Sunday, 1 November 2009

Family Court case: parents made to keep nesting in the home

In the recent Family Court case of Byrd and Byrd, Judicial Registrar Loughnan had to consider an application by the wife for sole use or exclusive occupation of the home, when the home was shortly to be sold, and for several months the husband and wife had moved in and out of the home in rotation, so as to enable the child to remain there. In other words,the wife wanted to chuck the husband out of the home, when all they had done was to the contrary.
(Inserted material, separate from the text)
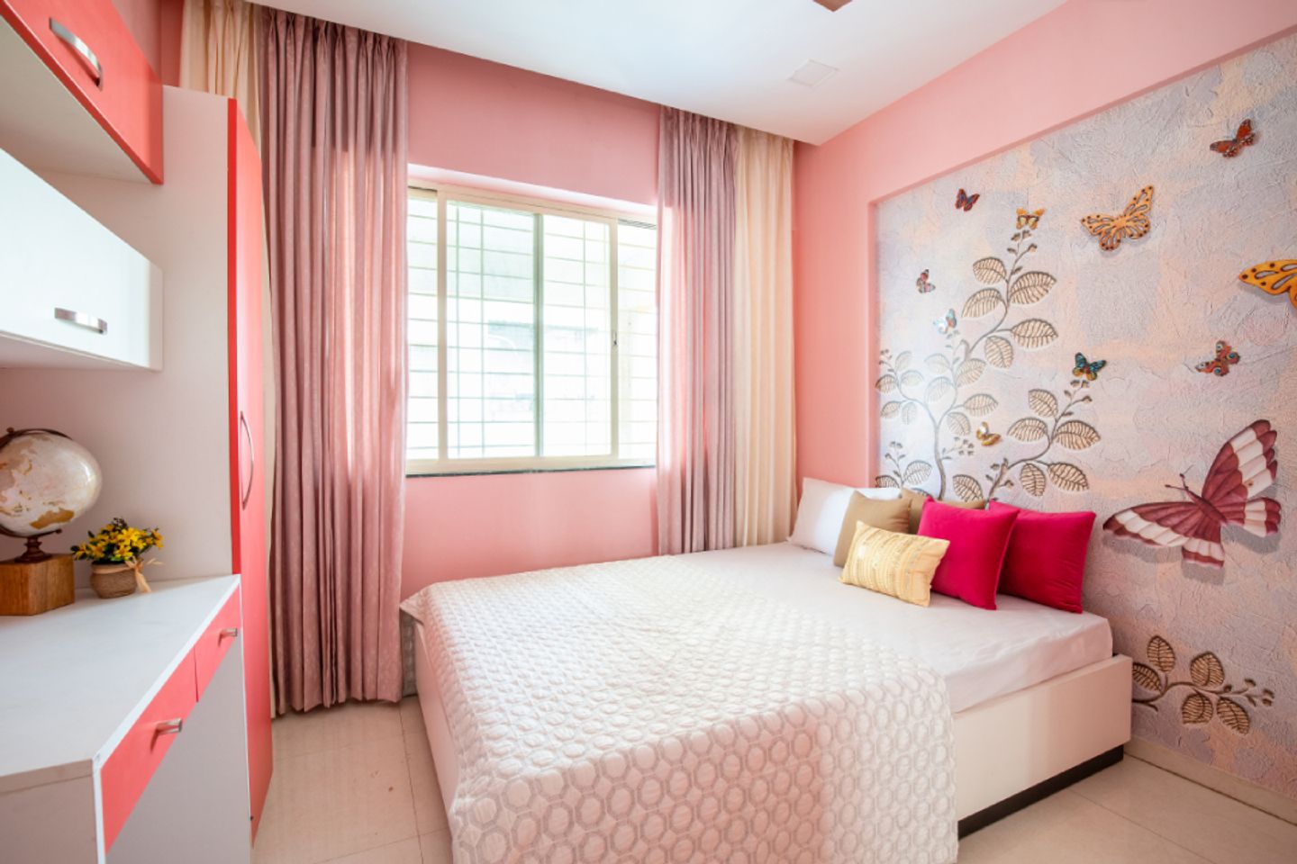 Contemporary Kids Room Design For Girls With Floral Upholstered Headboard

The wife was unsuccessful. The Judicial Registrar stated:

The court has power to make an order for exclusive occupation. The power is
found in section
114.
It gives the court power to make an order that is proper. Examples are
given of the sort of order that might be made under section
114
and specific mention is made of orders in relation to the use of the
home. Generally, an order will be made where it is not reasonable, sensible or
practicable for the parties to live together.
There is a sense in which this
is a silly application, because the house in question is being sold soon and the
children will be moved out of their bedrooms in any event. However, I do not
know that the house will sell. The property market is not as reliable as it once
was and it may be that the parties will not be able to sell it for a period. So
there is the potential for the issues that the parties have raised to drag on.
The problem in relation to the children is that the parties do not agree
about what the children want. In March, despite all of the problems that the
parties had experienced in the past, they thought it was in the best interests
of the children for there to be a nesting arrangement, with the adults coming
and going and the children staying in the former matrimonial home. The wishes of
the children are particularly important in a case where there is a 16 year old
child, a 14 year old child and an 11 year old child....
On one view, as I
say, this could be a trivial issue. On the other hand, it was so important to
the parties in March that they made this rather unusual arrangement.
There
is no way of me identifying what these children want in a timeframe that makes
sense of the timing of an auction listed in the middle of this month. Their
views could be obtained by having the children see a Family Consultant in the
child responsive model or I could appoint a lawyer for the children. Either
process takes a month or so.
Without being able to make a finding of fact on
a disputed issue I am obliged in a case like this, to take the common ground
position. The common ground position is that the parties felt that the children
should stay in the home and the adults should come and go. The parties have
probably interfered with each other’s private goods and personal possessions, in
the time since the orders were made. That is a real problem in a case like this
because there is a risk that privileged material will be accessed. There is also
the potential for the children to be embarrassed by bad behaviour by the
parents.
The evidence suggests that each of the parties has interfered with
the personal possessions of the other. We are only in this position because,
unusually, parties who have decided to live separately and apart forever are
sharing a house for the time being. They are doing that not because they need
to, but because they decided that they both want to have a meaningful
relationship with their children and it is more important that their children
have access to their own rooms for a period than it is for the parents to get on
with their lives.
In the circumstances it seems to me that there should be
no interference with the arrangements the parties put in place in March.
I
doubt that the children would get away with behaviour that the parents have
described in their affidavits. It cannot be very edifying. But these are not
people who anybody suggests are lacking in sophistication or suffer a defect of
reason or do not understand how to properly behave. These are people of some
standing, obviously intelligent people, obviously loving parents, and it seems
to me that they can be expected to comply with their obligations.
As has
been said on behalf of the husband, if it was so intolerable to the mother, then
the obvious remedy was to get the children straight out of the home, and that
has not been done. That is a good thing. The problems are not at a point where
it is more important the children be safely away from the incidents of bad
behaviour than it is that they have use of their own home, own bedrooms. That is
good and, hopefully, that reflects a judgment that this is really a matter of
preference rather than a matter of necessity.
As a general proposition,
children can take responsibility for bad behaviour by their parents. They think
they are responsible, especially younger children. The parties need to redouble
their efforts to make sure that is not the case. They will have been told that;
they must know it. Hopefully, we can limp through to the settlement of the sale.
If not, if either of the parties thinks that it is more important that the
children be away from the conflict than it is that they stay for a few weeks in
their bedrooms, then by all means that parent can make arrangements for them to
be somewhere else.
The advantage of the existing arrangement continuing is
to avoid an additional move. The inference one draws from the mother’s
application is that C might not move. In those circumstances, an order excluding
the husband may interfere with his relationship with C and that might not be
what she wants.
When the power of the state is to be exercised to do
so serious a thing as to exclude somebody from a property they are entitled to
be in, the Court needs to be reasonably comfortable that any change will be for
the better.
I cannot be comfortable about my obligations to the
children in these circumstances.
In relation to the application about the
personal items. I will make an order for the return of items about which there
is no dispute. I am told that there are some things that are acknowledged to be
in the possession of one of the parties, that are sought by the other and the
first mentioned party does not mind returning those items.